The institutional racism around the University of Chicago persists in our present moment. Racist housing practices, police brutality, and economic deprivation has worked together to split Chicago into two economic extremes: an affluent and mostly-white Northside, and a poor and mostly-Black Southside. From 1983-1986, Chicago’s racial tensions boiled over after Harold Washington, a Black man, was elected as mayor. The white alderman formed a coalition and voted down all his reforms. This political gridlock created on racial lines was termed “Beirut by the Lake” by the Wall Street Journal and the phrase caught on. Through this discourse, the political failures of Chicago, its divided landscape and deep-seeded racial hatred was imagined not as a story of the United States, but rather a story of the Middle East.
In 2015, Spike Lee released a film titled “Chiraq”—a term coined by Chicago rapper King Louie in 2009 in a song entitled Chiraq Drillinois as a way to articulate and imagine the violence of the Southside. The term has been contested by many Black Chicago residents as inaccurately depicting life in Chicago’s Black neighborhoods and many of them critiqued the film and its framing of Chicago as “Chiraq” for presenting an inauthentic depiction of life in Chicago’s South and West Sides. In this way, the articulations “Beirut by the Lake” and “Chiraq” (as conceived by Spike Lee) doubly-displace the violence of the US state; they inaccurately depict both the political and racial origins of violence both in the Middle East and in Chicago, conjuring imagined landscapes of both areas that hide the real history and meanings of their respective violence.

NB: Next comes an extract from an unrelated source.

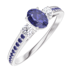 Pourquoi nous faire confiance ? « L'ATELIER » Nº 161536 Bague Or blanc 9 carats - Saphir bleu Ovale 0.3 carat - Pierres de côté Diamant - Sertissage Saphir bleu

It is difficult to describe the walk between “Chiraq” and the Oriental Institute. Even now, I think of them as different worlds, different planets. I could say it’s like walking from Dwight Street to Calhoun College here in New Haven. Perhaps confronting the spaces we live in, the segregation and racialized economies that define our cities, will allow us to see ourselves and the rest of the world in more clear ways. Because, in the end, how can we know what Middle East is when we seem to have no language to describe the space here in the United States?